On a humid afternoon in Sungai Tohor, a coastal village in Sumatra’s Riau province, 50 or so men are packed into a town-hall conference room. They sit in neat rows of blue plastic chairs, many clad in knee-high rubber boots, loose-fitting polo shirts, and baggy pants—the casual uniform of an Indonesian farmer. Women and children peer in through open windows and doors. There’s excitement in the air, thanks to a gaggle of visiting journalists and enviros who have come to discuss the fate of the village—and a way of life now under siege.
Over multiple generations, residents of Sungai Tohor have built a thriving trade network that has brought them relative prosperity. Each month, they ship several hundred tons of sago paste—a starchy dietary staple produced from trees they cultivate in the jungle—to Malaysia and Java. The proceeds have enabled them to buy bright new motorbikes, build quaint homes, and maintain a slow-paced lifestyle that prioritizes family and community above all else. Some families can even send their children to college.
Last year, however, Indonesia’s Ministry of Forestry told PT LUM—a supplier for the Singapore-based pulp and paper giant APRIL—that it could cut down nearly 26,000 acres of lush rainforest surrounding Sungai Tohor and replace it with acacia trees, used to make paper products. The proposed plantation overlaps with the sago groves and other areas that the villagers use to grow rubber and coconuts.
Among the town-hall speakers is Kaka, a slender, ponytailed man who works as an organizer for the Indonesian environmental group WAHLI. As he explains it, Indonesia is accepting cash from Western governments to protect its rainforests even as it enables outside corporations to destroy them. Back in May, in exchange for $1 billion from Norway, Indonesia’s president agreed to place a two-year moratorium on new logging permits. In theory, his administration is also supposed to work closely with locals to develop sustainable forestry practices—such as Sungai Tohor’s sago trade. But government officials have yet to address the villagers’ formal complaints.
The Norway deal is part of a broader United Nations program with an insufferably wonky title—Reducing Emissions from Deforestation and Degradation (REDD)—that aims to tackle climate change by paying developing countries to preserve their forests. Because the destruction of rainforests and their carbon-rich peat soils releases vast quantities of CO2 into the atmosphere, and because the payoffs seem like a relatively cheap and straightforward fix, REDD is likely to be one of the hottest negotiation items at the current round of climate talks in Cancun, Mexico. Among the major sticking points: What, exactly, constitutes a forest? (Logging interests argue that their plantations should qualify.) And how much say will forest communities like Sungai Tohor have in the process?
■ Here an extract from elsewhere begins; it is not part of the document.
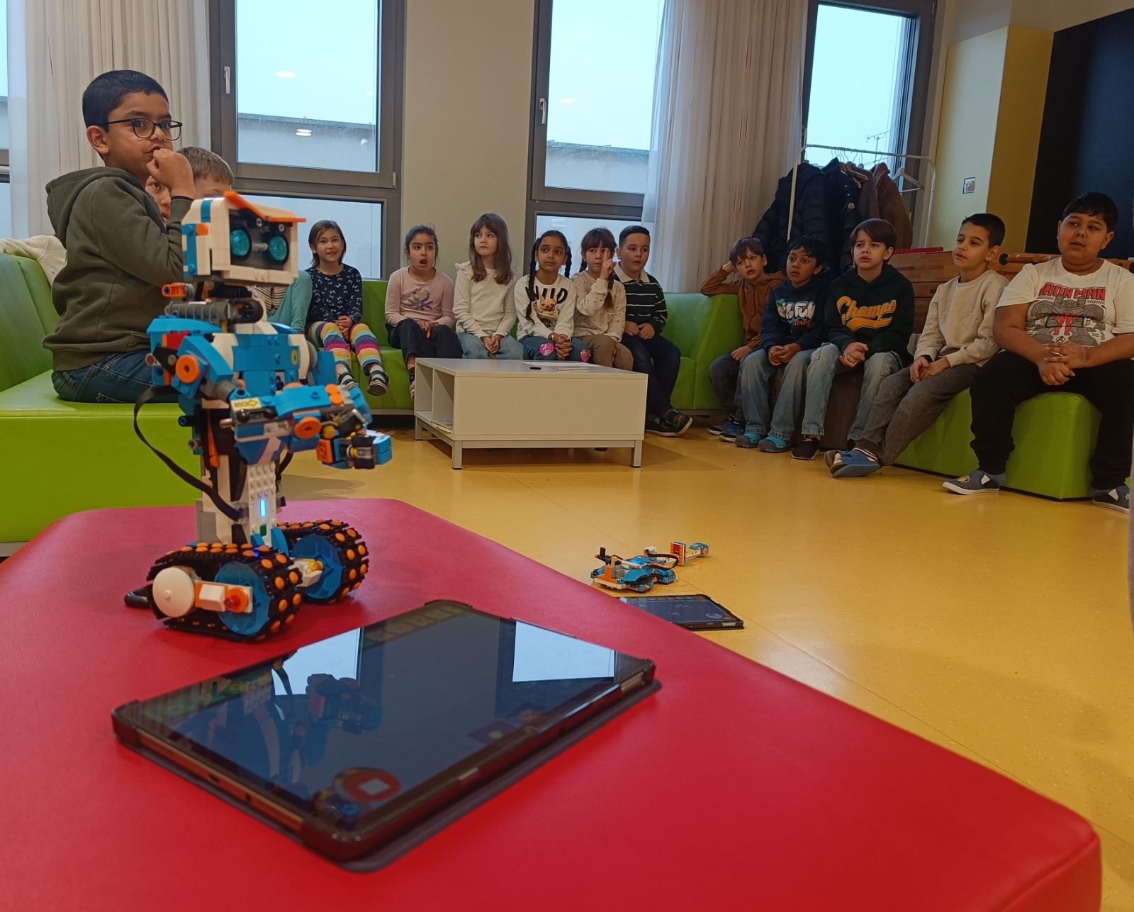 An der ganzen Schule war Robbo Day! Wir haben verschiedene Roboter ausprobiert und auch schon ein bisschen programmiert. Diese Maschinen machen tatsächlich nur was man ihnen sagt bzw. machen das nicht was man ihnen nicht sagt 😊. Es war lustig alles zu testen. Wir hätten gerne mehr Zeit zum Forschen gehabt.

Back at the town hall, Nong, a gregarious sago mill owner, stands to speak his piece. “If this company comes in,” he says, “the sago groves will be destroyed and we will lose our way of life. Soon they will clear the trees and plant acacia. We will then lose the animals—the deer, the pigs.” He looks over at the foreigners. “We ask you to help us to keep our village, our food supply, our livelihoods.” He takes his seat amid murmurs of agreement and nodding heads.
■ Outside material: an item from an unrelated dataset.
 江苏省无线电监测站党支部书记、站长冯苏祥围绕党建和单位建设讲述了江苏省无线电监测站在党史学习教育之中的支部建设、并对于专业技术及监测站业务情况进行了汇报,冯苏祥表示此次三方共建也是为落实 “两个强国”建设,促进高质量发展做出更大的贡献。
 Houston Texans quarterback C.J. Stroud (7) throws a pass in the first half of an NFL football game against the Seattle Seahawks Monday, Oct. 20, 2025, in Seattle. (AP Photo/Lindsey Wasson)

The village secretary rises in turn to remind everyone what happened in 2003, when PT LUM received a similar logging concession nearby. The residents “rejected them in a harsh way,” vandalizing equipment and setting up security camps to protect areas they claimed as their own. When the government sent in troops to assist the company, the men grew infuriated. They marched to the house of their kepala desa (chief)—who had taken the company’s side—and burned it to the ground.
The new kepala desa stands with the villagers.
****
Indonesia is an attractive target for international climate-change efforts, because it boasts the third-largest expanse of tropical rainforest on the planet, and one of the most biodiverse—its emerald-green jungles are home to iconic endangered mammals like Sumatran tigers, elephants, rhinos, and orangutans. Some 30 million Indonesians also rely on the forests for subsistence, taking wood to build homes and boats, and animals to eat.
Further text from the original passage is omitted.